Suppose we have an SQL database table named “temperatures” with the following contents:
LOCATION TIME CELSIUS inside 2018-08-01 24 inside 2018-08-02 28 inside 2018-08-03 21 inside 2018-08-04 28 outside 2018-08-01 29 outside 2018-08-02 31 outside 2018-08-03 25 outside 2018-08-04 30
We want to find the highest temperature for each location. We use the MAX aggregate function and a GROUP BY expression:
SELECT location, MAX(celsius) celsius FROM temperatures GROUP BY location;
As expected, the result is:
LOCATION CELSIUS outside 31 inside 28
Now suppose we also want to know when each of these extreme temperatures occured. Naively, we try the following query:
SELECT location, time, MAX(celsius) celsius FROM temperatures GROUP BY location;
The response is an error: “not a GROUP BY expression”. In a GROUP BY expression all selected columns must be either part of the GROUP BY clause or an aggregate.

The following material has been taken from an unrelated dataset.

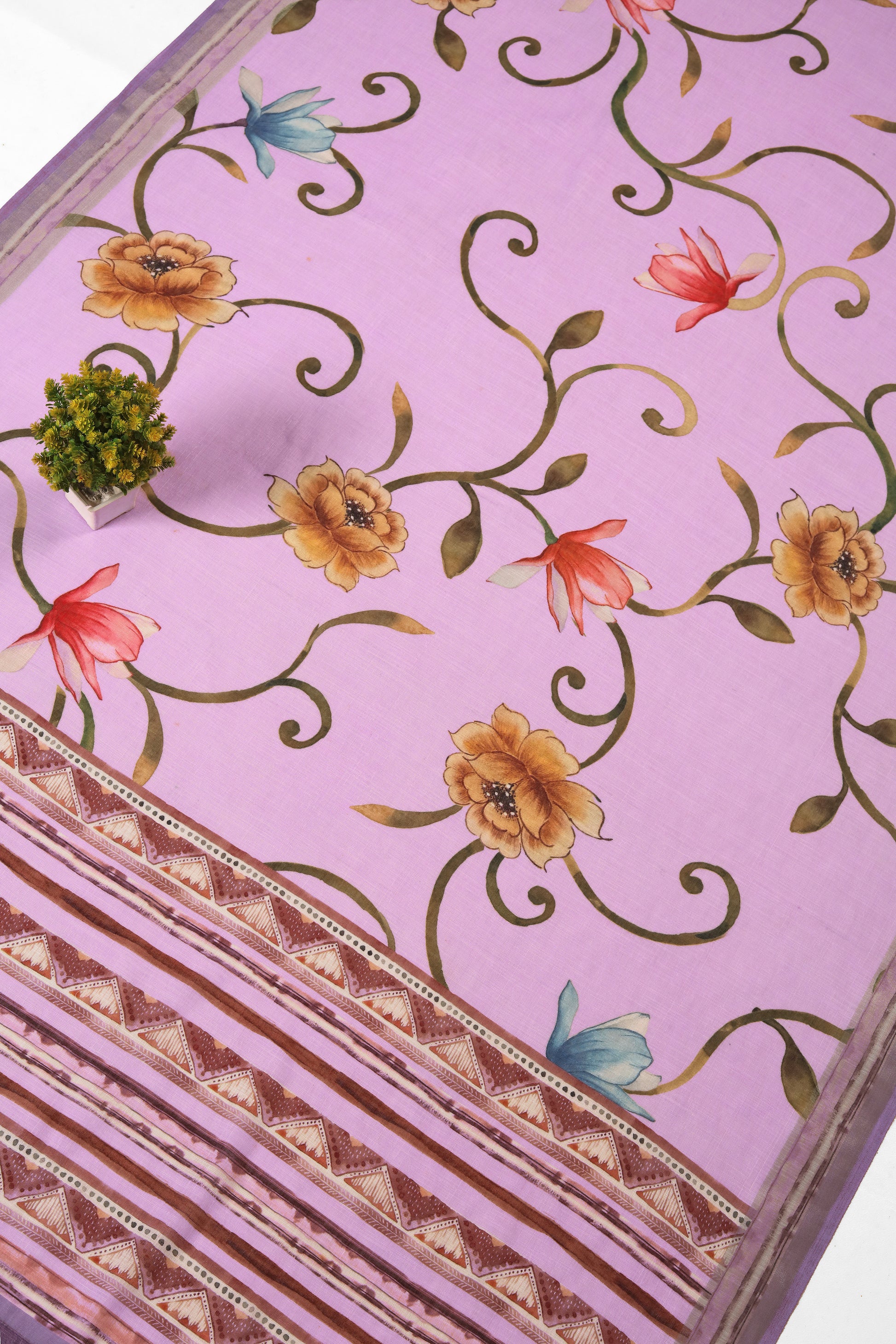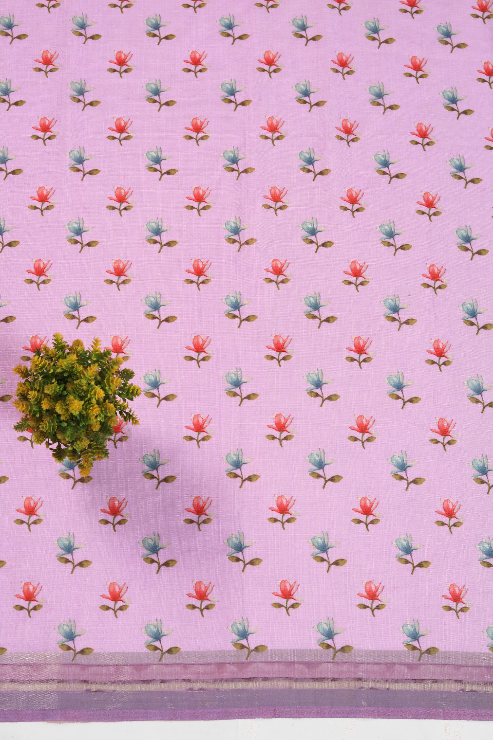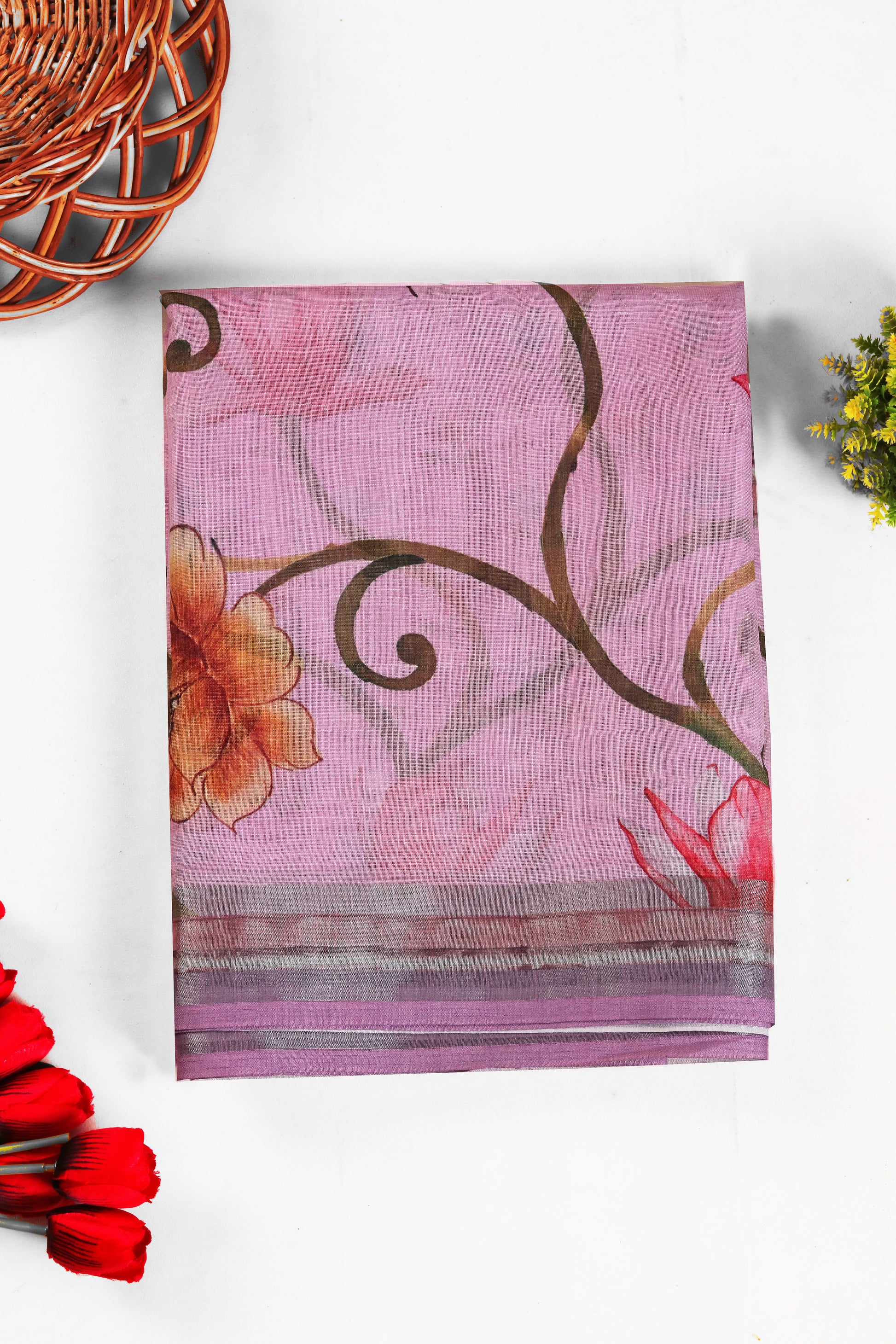 The Gulabi Bahar Linen Saree drapes you in the soft hues of a pink spring bloom, with its delicate pastel floral trails on breathable linen, perfect for a gentle summer feel.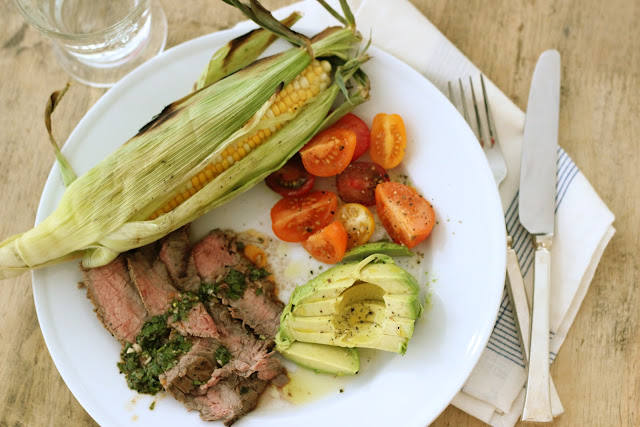 If you need a little inspiration, here is a great summer meal with Sliced Flank Steak with a Chimichurri Sauce, slice heirloom tomatoes and avocados.

To achieve what we want we can use a JOIN:
SELECT t.location, t.time, t.celsius FROM temperatures t JOIN (SELECT location, MAX(celsius) celsius FROM temperatures GROUP BY location) tmax ON t.location=tmax.location AND t.celsius=tmax.celsius;
This query results in multiple rows per location if the maximum temperature was recorded at different times:
LOCATION TIME CELSIUS outside 2018-08-02 31 inside 2018-08-04 28 inside 2018-08-02 28
If we are only interested in the first occurrence of the maximum temperature per location, we can use the following query:
SELECT location, MIN(time) KEEP (DENSE_RANK LAST ORDER BY celsius) time, MAX(celsius) celsius FROM temperatures GROUP BY location;
LOCATION TIME CELSIUS inside 2018-08-02 28 outside 2018-08-02 31
Here we don’t need a JOIN anymore, because select clause for the time column is an aggregate as well.
One thought on “Selecting all columns of a database table with an SQL GROUP BY expression”
Unfortunately KEEP is an Oracle specific keyword, better would be to use a windowing function like partition by.